(Bloomberg) -- Indian companies have raised a record-breaking $16 billion via share sales to large investors in 2024, with offerings remaining robust despite the typical seasonal lull.
The beeline to raise funds is so strong that three firms, including condom maker Mankind Pharma Ltd. and e-waste recycler Gravita India Ltd. launched secondary sales to raise over $400 million on Monday, according to data compiled by Bloomberg.

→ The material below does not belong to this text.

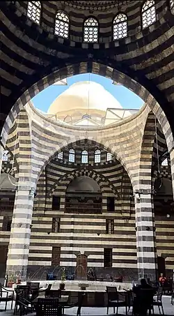 Khan As'ad Pasha (Arabic: خَان أَسْعَد بَاشَا, romanized: Khān ʾAsʿad Bāşā) is the largest caravanserai (khān) in the Old City of Damascus,[1] covering an area of 2,500 square metres (27,000 sq ft). Situated along Al-Buzuriyah Souq, it was built and named after As'ad Pasha al-Azm, the governor of Damascus, in 1751–52.[2] Khan As'ad Pasha has been described as one of the finest khans of Damascus,[3] and the most "ambitious" work of architecture in the city.[4]

A so-called qualified institutional placement, or QIP, allows companies to raise funds from large investors like mutual funds and insurance firms with fewer regulator filings.
Fundraising via this route may total $25 billion in 2025, a new record, said Neha Agarwal, managing director and head of equity capital markets at JM Financial Institutional Securities Ltd. “It’s an easy access to intelligent capital.”
The surge has been fueled by expensive equity valuations, which remain largely intact despite the recent selloff, she said, adding that firms are using the funds to repay debt and to meet capital expenditure.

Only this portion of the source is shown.